Here’s yet another reason to minimize soy products in your diet. A recent study at the Harvard School of Public Health found that eating even moderate amounts of soy significantly reduces male sperm count. All it takes is a single cup of soymilk or a bit of tofu or an energy bar or a strip of soy bacon every other day, and sperm count drops by almost half, according to the researchers.
The research team monitored the soy intake of 99 men who were seen at a fertility clinic. They found that the higher the soy consumption, the lower the sperm count. Men who didn’t consume soy had an average sperm count between 80 million to 120 million sperm per milliliter, while the soy junkies averaged 41 million fewer sperm per milliliter. The problem stems from the fact that soy is high in isoflavone content — or phytoestrogens, which mimic the effect of estrogen in the body. This might work well for menopausal women who want to minimize hot flashes by eating tofu, but not so well for men who want to be virile and make babies — if true.
In spite of these findings, data shows that Asian men who eat up to ten times as much soy as study participants remain perfectly fertile. This fact sparked the European Natural Soyfoods Manufacturers Association to point out that, “Generations of Asians have regularly consumed soya without fertility disorders, and Asian countries have prodigiously produced very healthy, highly-functioning children for centuries.”

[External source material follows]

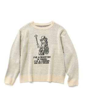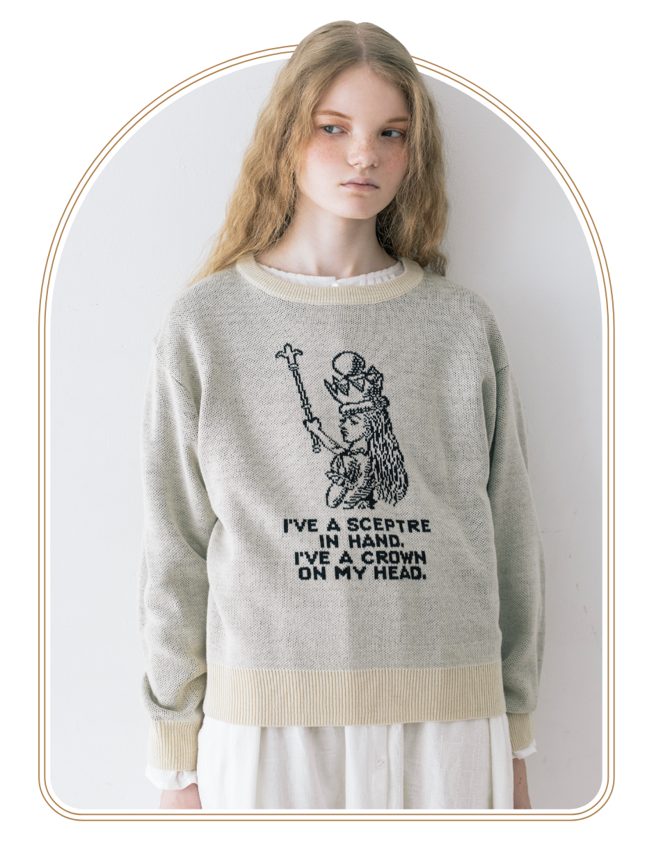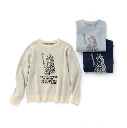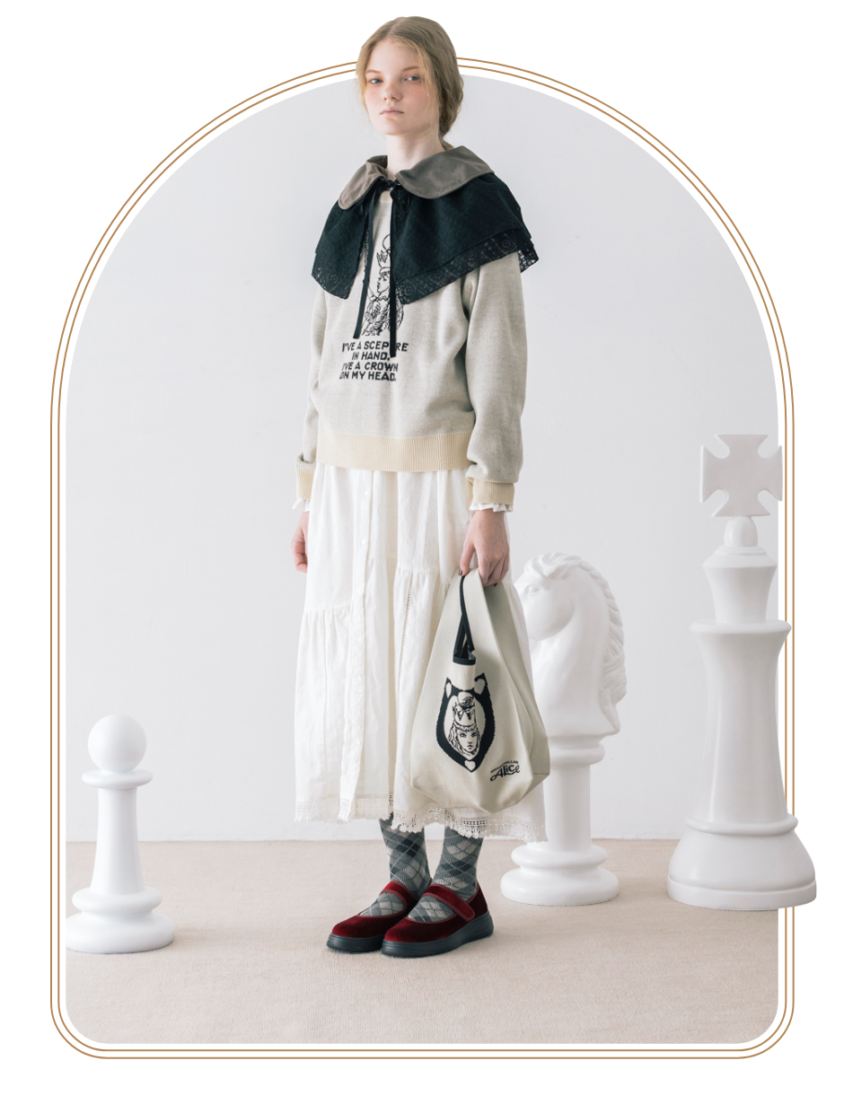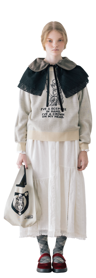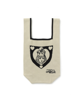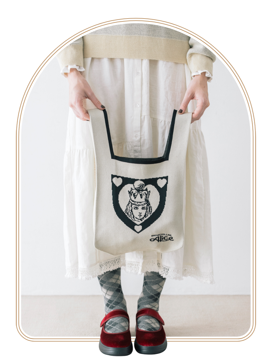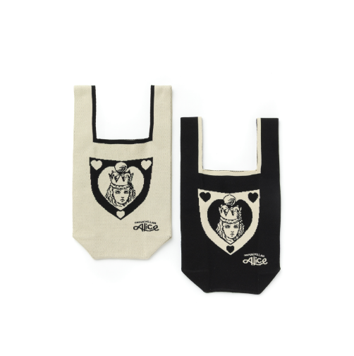 チェスの女王になったアリスをジャカード織りで描いたニットは存在感大。シンプルなコーディネートでも世界観が際立ちます。どんなスタイルにもプラスしやすい、お揃いのニットバッグもラインナップ。

So what’s the story? Is soy consumption antithetical to fertility, given the fact that Asian men are chomping down the soy and churning out the kids?

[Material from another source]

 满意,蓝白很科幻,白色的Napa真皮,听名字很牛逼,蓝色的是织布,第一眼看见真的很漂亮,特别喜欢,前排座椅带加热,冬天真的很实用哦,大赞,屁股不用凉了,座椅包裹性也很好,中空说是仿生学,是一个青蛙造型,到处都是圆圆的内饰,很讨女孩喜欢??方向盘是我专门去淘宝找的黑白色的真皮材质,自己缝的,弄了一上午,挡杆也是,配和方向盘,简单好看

Well, there is a difference between Western men and Asian men, and it has to do with weight. Asian men don’t have the incidence of obesity that we have in the West. The researchers found that the relationship between low sperm count and soy consumption was far more pronounced in overweight subjects. This may be because overweight men already produce more estrogen than men at healthy weights, making them more vulnerable to the impact of soy products. In fact, although Asian men who eat lots of soy do have slightly depressed sperm counts, they also have fewer immature sperm in their testes than Western men do.
The research team certainly took the view that excessive weight is the triggering factor. They wrote, “One possibility is that excess body weight modifies the relation between phytoestrogen intake and semen quality as our data suggests. While increasing at alarming rates, the prevalence of overweight and obesity is still much lower in Asia than in the USA.”
Pretty convincing evidence, or is it? One question that wasn’t addressed in the study was the possible impact of GMO products, since 85-percent of soy products on the shelf in the US are genetically modified, whereas in contrast, China imports GMO soy but doesn’t grow it, nor do any other Asian countries. And so, the soy products consumed in Asia are far less likely to be genetically modified. While the safety of GMO products continues to spark debate, it’s known that 90 percent of soy planted in the United States is herbicide-tolerant, most of it containing significant amounts of the herbicide Roundup. And, Roundup is a known endocrine disruptor.
As a side note, other problems with soy, beyond its sperm-killing properties, include “high levels of phytic acid or phytates [in unfermented soy products], which block the absorption of essential minerals like calcium, magnesium, iron, and especially zinc in the intestinal tract. Unfermented soy also contains trypsin inhibitors and hemaglutinin that stunt human growth.” Plus, soy has been implicated in damaged brain function, developmental abnormalities in infants, increased risk of cancer, and the early onset of puberty.
In short, if you must have soy, use organic, non-GMO products, limit consumption, and opt for fermented products such as miso, tempeh, and Tamari soy sauce. Oh, and lose some of that extra weight so that the phytoestrogens don’t wipe out your “little guys.”